People noticed. Soon, Peirce College officials, whose campus is across 15th Street, learned that the work was being done without a permit and complained to the Historical Commission.
The building is in the Rittenhouse-Fitler Residential Historic District, so named because of its "dense mix of distinguished residential and institutional, architect-designed and vernacular buildings woven into a single comprehensive and coherent district."
That designation, created in 1995 to preserve the character of the old residential neighborhood, means an owner may not alter a building's exterior without Historical Commission approval.
The four-story brick townhouse at 410 S. 15th is not historic, but it does have unusual architectural details, such as a corbeled, or stepped, chimney that rises above the mural.

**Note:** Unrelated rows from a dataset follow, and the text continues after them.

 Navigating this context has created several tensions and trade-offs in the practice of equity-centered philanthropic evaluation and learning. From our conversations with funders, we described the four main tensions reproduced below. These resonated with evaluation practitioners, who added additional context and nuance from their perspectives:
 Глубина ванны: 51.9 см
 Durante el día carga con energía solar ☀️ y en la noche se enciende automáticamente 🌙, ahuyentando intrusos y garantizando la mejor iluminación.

The home was built, according to city records, about 1850. A century later, it was converted into six apartments. In the early 1950s, two apartments were turned into offices for Norris, Schmidt, Green, Harris & Higginbotham, then the only African American law firm in the city, two of whose partners - A. Leon Higginbotham and Clifford Scott Green - became federal judges. Later, it was reconverted to all residential use.

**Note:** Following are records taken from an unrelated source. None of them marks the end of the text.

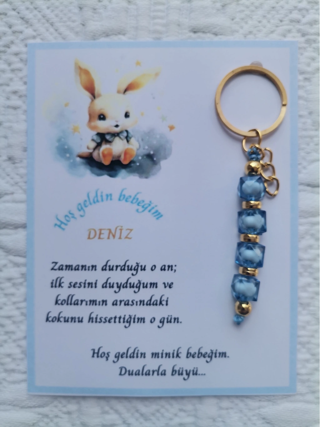72 adet MAVİ anahtarlık, dualarla büyülü mesajlarla süslenmiş, hastane ve yeni doğan bebeklerinize özel olarak tasarlanmıştır.
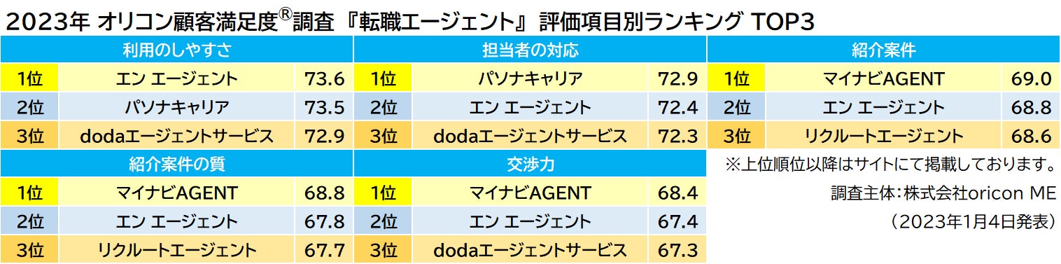 つづいて総合2位は【dodaエージェントサービス(パーソルキャリア株式会社 本社:東京都千代田区)】がランクイン。年代別「20代」では前回に続いて2年連続の1位を獲得しました。総合3位は【エン エージェント(エン・ジャパン株式会社 本社:東京都新宿区)】。評価項目別「利用のしやすさ」で1位の評価を得ています。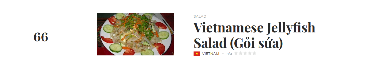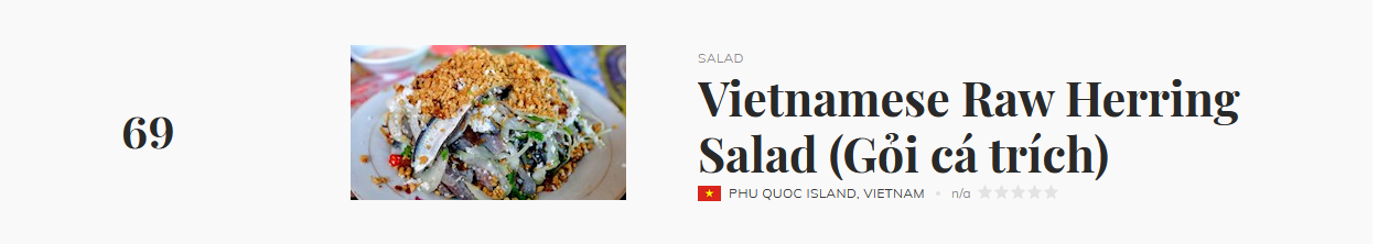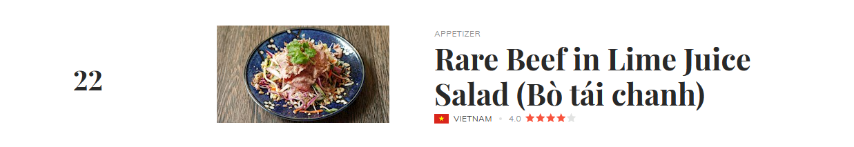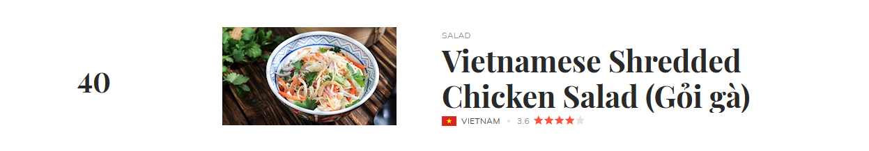 Theo đó, bò tái chanh xếp ở vị trí 22 với 4.0 điểm sao đánh giá. Còn lại, lần lượt là gỏi gà (40), gỏi sứa (66) và gỏi cá trích (69). Điểm chung của những món ăn vừa kể là sử dụng các loại rau củ thân quen trong gian bếp, cùng nước chấm, nước trộn gỏi mang phong vị ẩm thực Việt. Đứng đầu danh sách là pecel, một món gỏi của người dân Indonesia với sốt làm từ đậu phộng.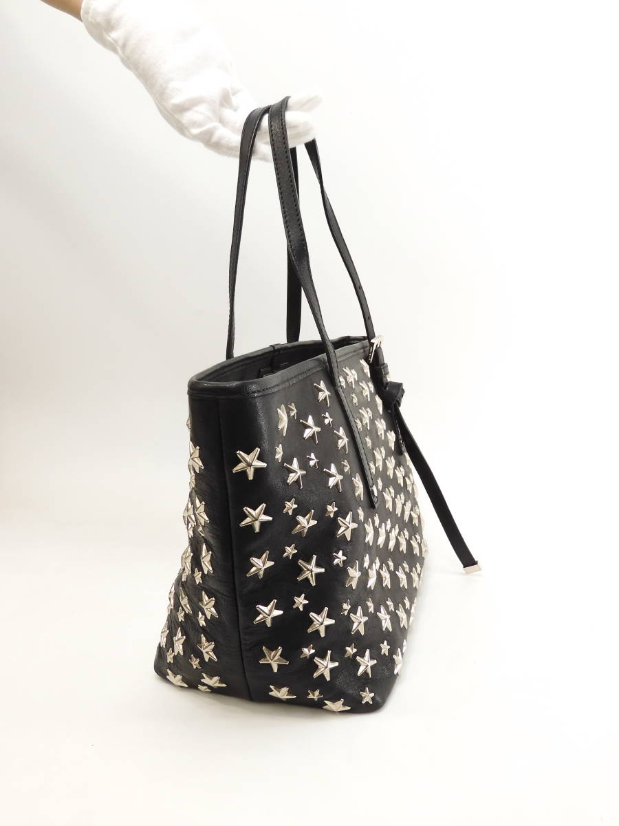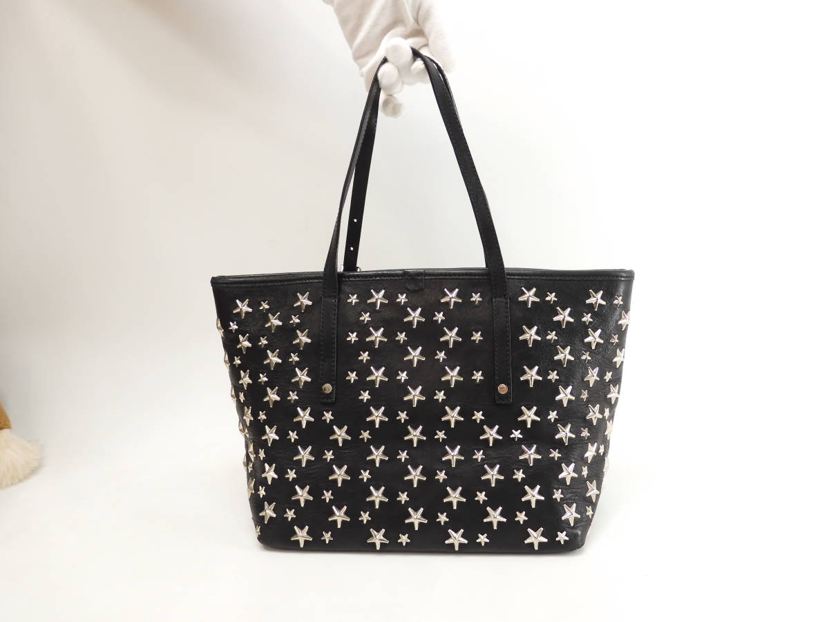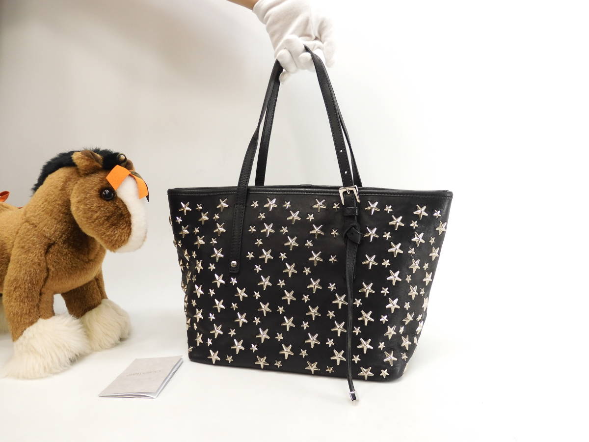 #JIMMYCHOO #Jimmy #Choo #Sasha #SashaS #Leather #BK #70%new #authentic #Star #Stads #HandBag #ToteBag #Silver #secondhand #wholeSale #haibanya #aisai-jp

The mural has survived long enough for the controversy to flare anew because of "interim approval," one of those vagaries of Philadelphia law.

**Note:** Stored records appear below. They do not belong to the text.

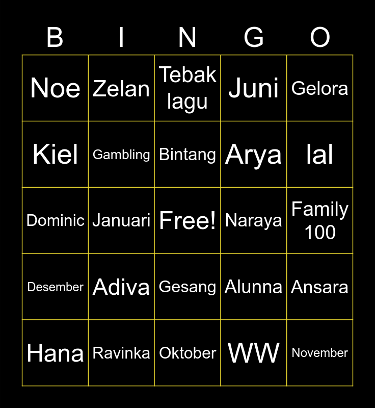 This bingo card has a free space and 24 words: Adiva, Ravinka, Bintang, Hana, Gelora, Noe, Kiel, Zelan, Naraya, Gesang, Arya, Dominic, Alunna, Ansara, Gambling, WW, Family 100, Tebak lagu, lal, Januari, November, Desember, Juni and Oktober.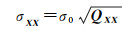 式中,σXX表示未知数的中误差。QXX表示协因数矩阵,它的计算方法见式(14)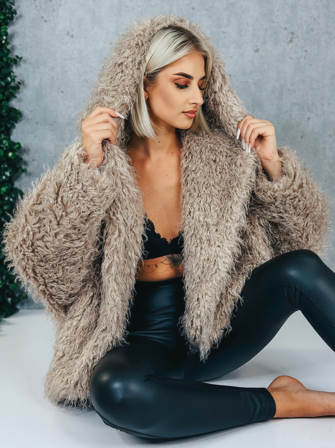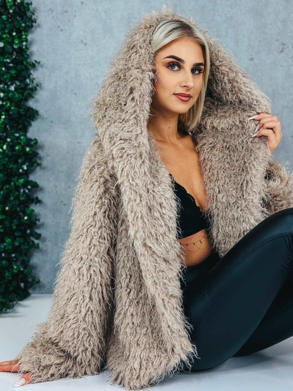 Tento dámsky kratší ovečkový kožuch je ideálnou voľbou pre všetky ženy, ktoré chcú spojiť výnimočný komfort, moderný štýl a príjemnú hrejivosť v jednom nadčasovom kúsku. Je navrhnutý tak, aby sa stal tvojím obľúbeným spoločníkom počas chladných dní – ľahký, no zároveň hustý a mimoriadne jemný na dotyk. Kožuch má charakteristickú ovečkovú textúru, ktorá pôsobí mäkko, nadýchane a dodáva modelu špecifický šarm. Kratší strih krásne tvaruje postavu, pôsobí moderne a lichotí všetkým typom postáv. Je skvelý k džínsom, športovým outfitom aj elegantnejším kúskom, takže ho využiješ na bežný deň aj na večerný výjazd. Dominantným prvkom je bohatá kapucňa, ktorá nielen pridáva štýlový efekt, ale zároveň poskytuje praktickú ochranu pred vetrom a zimou. Vytvára efektný rám okolo tváre a dodáva celému kabátu hrejivý, útulný charakter. Zapínanie na kvalitné kovové cvoky je jednoduché, spoľahlivé a nenápadne zapracované tak, aby nenarušovalo čistý a elegantný dizajn. Vďaka tomu pôsobí kožuch kompaktným, upraveným dojmom a drží svoj tvar počas nosenia.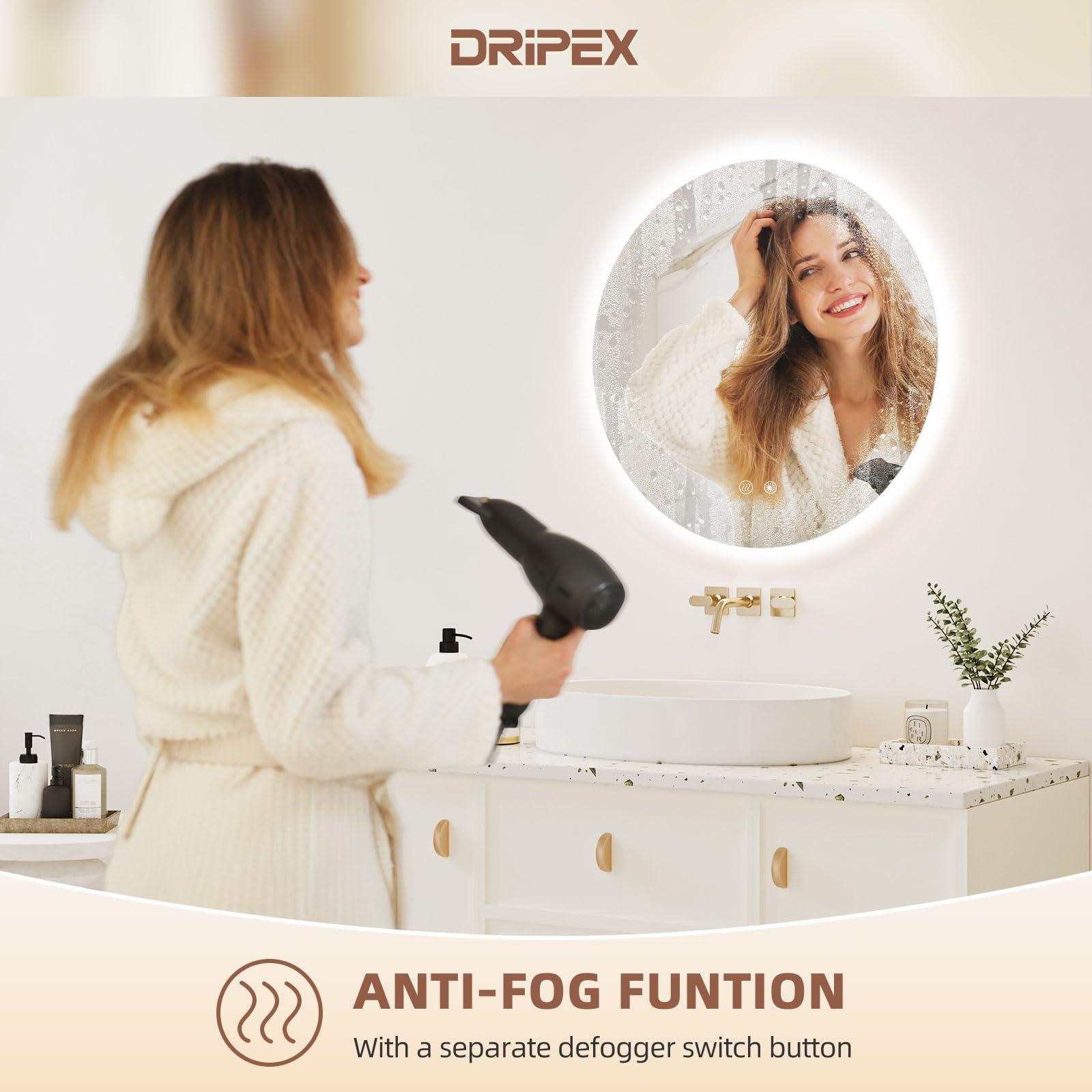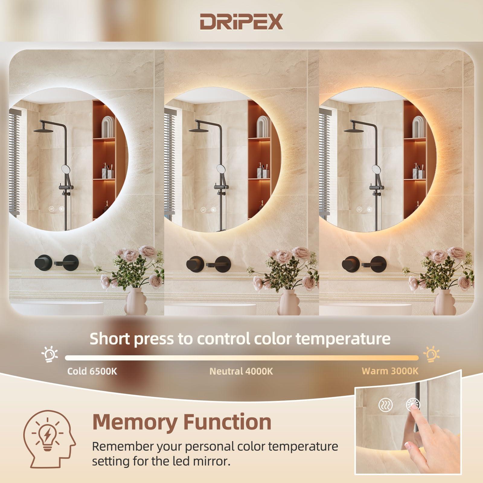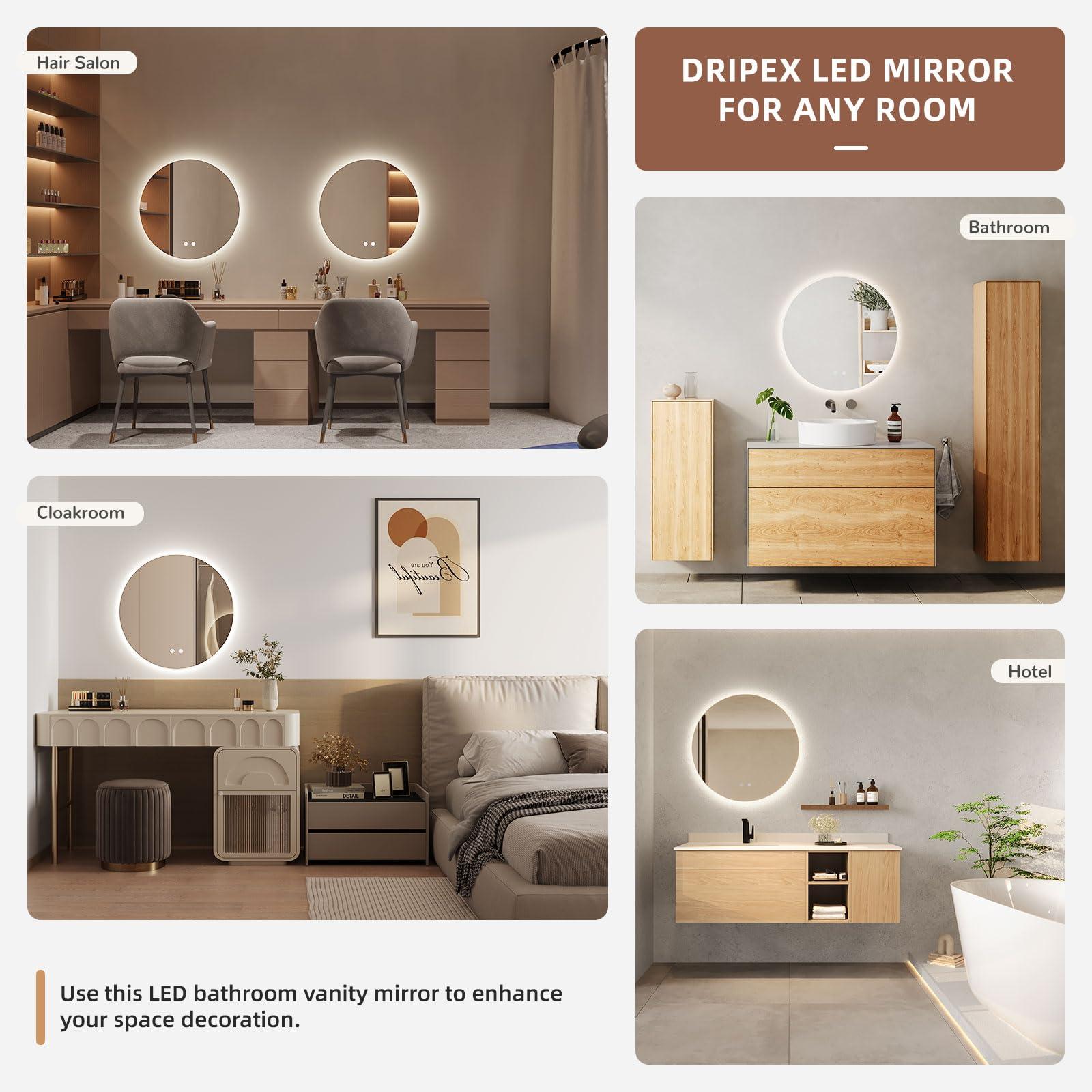 60cm ronde LED spiegel met verlichting, anti-condens, 3 kleuren, dimbaar, geheugen, HD gehard glas, aanraakschakelaar, IP44 waterdicht

Instead of legalizing the mural or ordering it removed, the Historical Commission deadlocked, 5-5, in February 2002.
When the commission did not act in the required 60 days, L&I issued a permit. Peirce College appealed to L&I's review board, which sent the case back to the commission.
In September 2002, the commission decided the mural could remain "for a period not to exceed four years." After four years, the commission ruled, the mural would be painted over or Sher could apply for a new extension.
Peirce College chose not to appeal further, and in the last four years The Death of Venus seemed to grow on people.
Public opposition evaporated. Tourists began photographing the mural. The Mural Arts Program added Chhin's work to its tour.
Even Michael J. Lewis, chairman of the art department at Williams College in Massachusetts and an authority on architect Frank Furness, who once lived a block away, weighed in. Lewis called the mural a "lyrical grace note in this neighborhood" and predicted that Furness would have approved that his old neighborhood was still "an incubator of living art."
Lyrical grace note or not, The Death of Venus did not survive two motions at the commission's Jan. 12 meeting.
Commissioner Scott Wilds, one of four supporters on the 10-member panel, argued that the commission can decide that "historical accretions" are significant, and that Chhin's mural had achieved historic significance.
But chairman Michael Sklaroff said that "41/2 years is not history" and that the mural detracted from the original architecture at 410 S. 15th.
Jane Golden, director of the Mural Arts Program, said she respected the Historical Commission and its role but urged the panel to rethink its ruling "if the community overwhelmingly wants to keep the mural and if the building owner agrees."
"It is always heartbreaking to lose a mural," Golden added. "That's why I always urge artists to work through the Mural Arts Program. We have had 20 years' experience working with the community, and we have had to deal with any number of obstacles."
Chhin, 35, who came to the United States with her mother in the early 1980s, was despondent about the possible destruction of the mural.
"I didn't have sketches to work from," she said. "I just worked on it as I was going, and it expresses my inner self."
Chhin, whose father died before she was born, said the mural was also a tribute to her uncle, a father figure and painter who was decapitated before her eyes by the Khmer Rouge in Cambodia.
"This is just killing me," she said of the controversy. "If they paint red over it, what are they doing? It's just a blank spot to write graffiti on."